Legal Reforms: Address AI impacts on privacy and copyright and ensure legal frameworks are up-to-date with technological advancements.
Five-Point Plan for AI Regulations
Clear Regulatory Strategy: Develop and publish a risk-based approach to AI regulation.
Global Interoperability: Prioritise alignment with international best practices.
Expert Advisory Model: Establish an advisory and coordination model to uplift AI capabilities.
Clarify Existing Laws: Ensure current laws are clear and effectively enforced to cover AI-related issues.
Targeted Review and Reform: Regular reviews and reforms to keep laws relevant in the digital age.
Afternoon Sessions
The afternoon sessions were particularly enriching, especially since I was involved with them—I always get extra energy and buzz from these things. I specifically participated in two Decision-Maker Panels: one on Business and GenAI and the other on Developer impacts from GenAI (inc SDLC).
Given the wealth of experiences in the room, it wasn't surprising that the discussion took many turns from the deeply practical to philosophical ups and downs. Here are some key takeaways:
AI Native Generation
Interns and Junior Developers: The new generation of developers, coming from universities as "AI natives," brings diverse opinions and fresh ideas to companies. Their innate familiarity with AI technologies is reshaping workplace dynamics and innovation approaches. However, the cost economics of developers compared to AI coding assistants and AI coders will be interesting from an economic perspective.
AI for Cybersecurity
Fighting AI with AI: There was a consensus on the need for AI to combat AI, particularly in cybersecurity. As bad actors increasingly use AI for attacks, cybercrime prevention companies employ "good" AI to defend against these threats. I learned that "Bad English" spammers do this intentionally as it targets certain individuals in the community who may be more likely to be "softer" targets.

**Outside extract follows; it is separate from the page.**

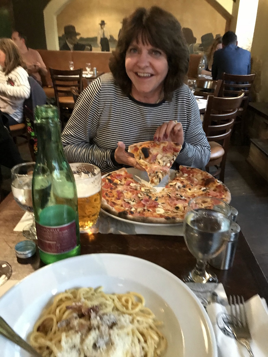 Kimberly with pizza, Wade with carbonara, and of course, more beer and wine.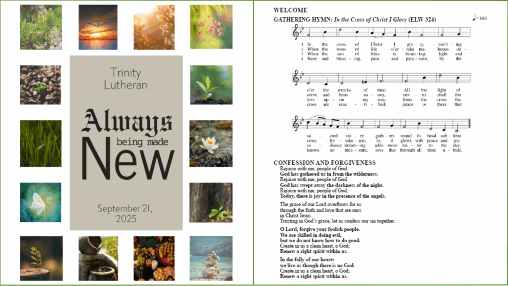 Online Worship Worship Services Sunday Worship – Sep 21, 2025 by telcoffice|Published September 15, 2025 Online link: Bulletin:

Revolutionising the Software Development Life Cycle (SDLC)
Beyond Coding: Generative AI is set to transform other areas of the SDLC beyond just coding. Areas like Requirements Gathering, done via AI can streamline the process of collecting and analysing requirements. Plus Testing and GenAI can greatly enhance the ease of building and sustaining a Test-Driven Development (TDD) culture, ensuring robust and reliable software.
Future Readiness
Preparing for the Future: Given the rapid advancements in AI, a thought-provoking question was posed about whether software developers are ready for how the world will look in the next 10 years.
Personal Reflections
Reconnecting with old friends and seeing the progress and developments in organisations were highlights. The event not only provided a platform to discuss current AI trends and challenges but also fostered new connections and collaborations. Huge shout out to all the new friends that I made yesterday—is it time for a coffee soon?
Overall, the AWS AI Day event was an awesome experience, filled with rich discussions and valuable insights. It left me ever more optimistic about AI's future and its potential to drive economic and societal advancements in our country.